The difference between sein, seine and ihr, ihre is basically like "his" and "her" in English.

sein Onkel is "his uncle", ihr Onkel is "her uncle. seine Tante is "his aunt", ihre Tante is "her aunt".

So the base word (sein-, ihr-) "his, her" depends on the gender of the owner; the ending depends on the gender of the "possession" (-e for a feminine or plural noun, no ending for a masculine or neuter noun).

Ich bin ihr Enkel would be "I am her grandson".

And Ich bin ihre Enkel would be "I am her grandsons" or possibly "I am her grandchildren" -- since Enkel is grammatically masculine, the -e ending on ihre must indicate that the noun Enkel is plural here. (The word has the same shape in the plural as in the singular.)
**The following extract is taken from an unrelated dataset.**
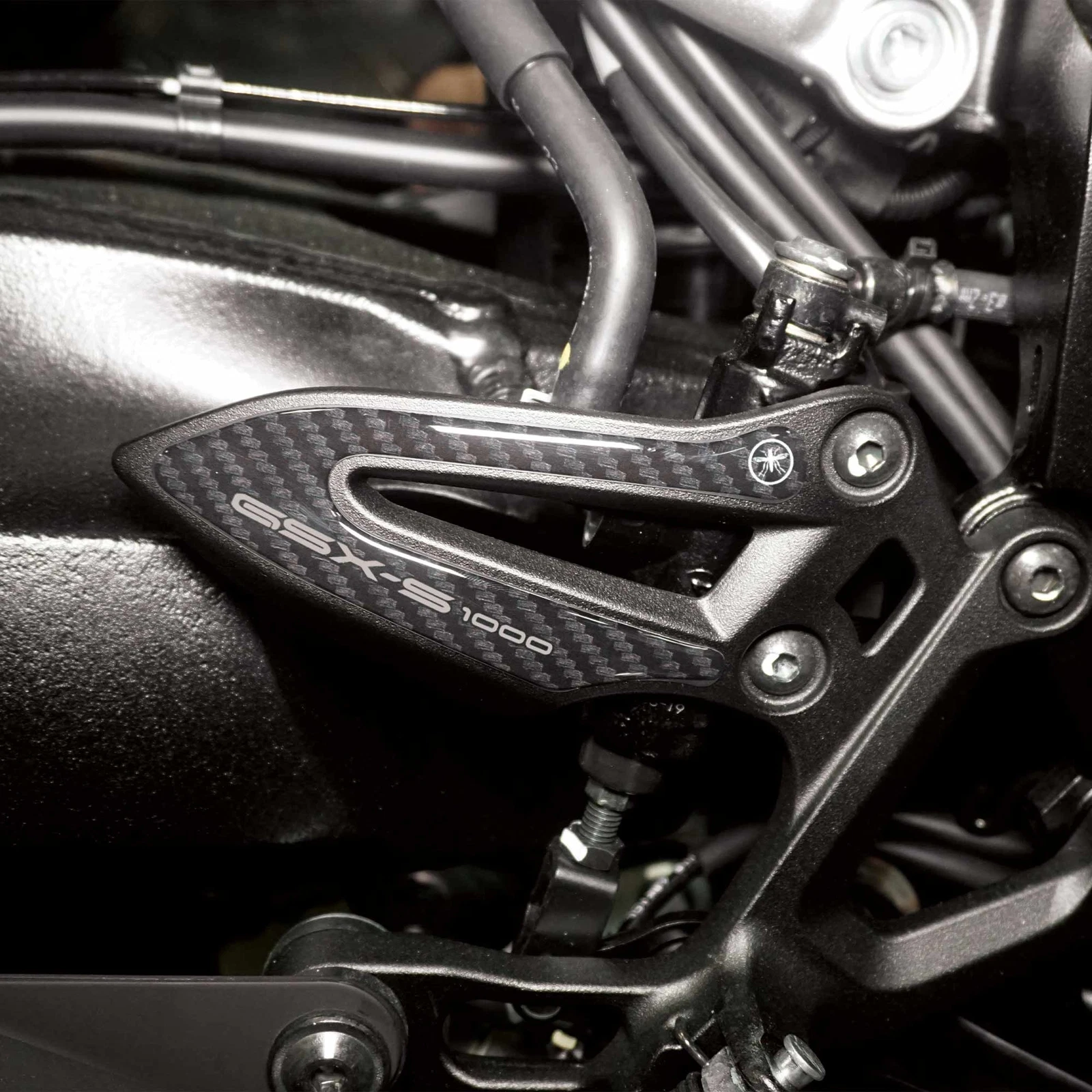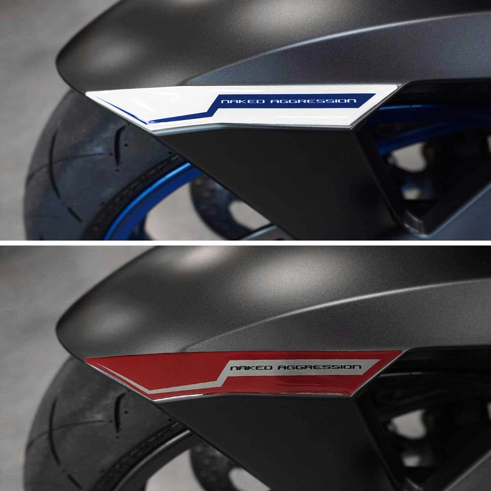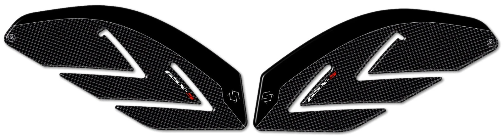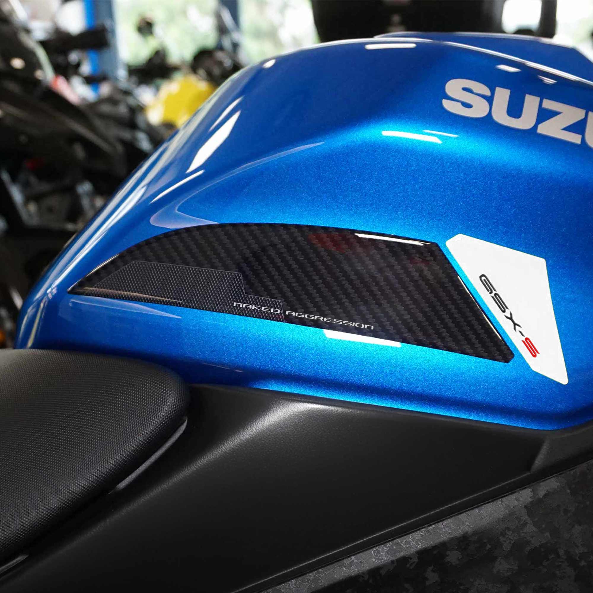 Adhesive protections resin by side area tank SUZUKI GSX-S 1000 2024 motorcycle. Two 3D gel resin stickers Exclusive - Labelbike®. Lateral stickers for tank Made in Italy made in Resin with 3D effect. Graphics for the coloring 2024 carbon look and white or carbon look and red with writings GSX-S Naked Aggression. They decorate and repair from impacts and scratches the tank of yours Suzuki GSXS 1000 2024, resist washing, weather and UV rays

Enkel = Grandson/Grandchild Enkelin = Granddaughter Enkelsohn = Grandson I hope it helps.


"Enkel" reaaaaally sounds like "Enkeln" in a lot of questions from this section.


This is so weird for me, because 'enkel' means 'ankle' in Dutch


then don't ask how the Dutch word for "vermieten" sounds in German ;-)


One I like is Ik heb een boek gekocht. Yummy!


Why not seine Enkel


Because that would mean "his grandsons" or "his grandchildren" rather than just one grandson.


why is enkelin granddaughter instead of enkeltochter


Both Enkelin and Enkeltochter are used for "granddaughter".

They both have to be capitalised, though -- they're nouns.


Perhaps is there any difference in pronunciation between plural Enkel and singular Enkel? the woman TTS and man TTS speak it in very different way, so I'm confused.


No. They are (supposed to be) pronounced completely identically.


It does not sound anything like the translation, this needs to be evaluated and corrected


Ich bin sein enkel. How do I know who the enkel is referring to Großmutter or Großvater. To deduct which of the two possessive adjectives I need to use.


Ich bin sein enkel. How do I know who the enkel is referring to Großmutter or Großvater.

sein is the possessive determiner related to er or es.

So it can only refer to the masculine Großvater, not to the feminine Großmutter.

sein Enkel = his grandchild/grandson

"her grandchild/grandson" would be ihr Enkel.


I wrote : "I´m his grandchildren."

Correct solution: I am his grandson.


I wrote : "I´m his grandchildren."

But why? One person cannot be many grandchildren.

Also, the German sein indicates that the following noun is singular.


Could anyone explain why it's just "sein" and not "seinen" please?


Could anyone explain why it's just "sein" and not "seinen" please?

You need the nominative case on both sides of the verb sein "to be" -- thus Ich (nominative) bin sein Enkel (nominative).

seinen would be masculine accusative -- wrong case.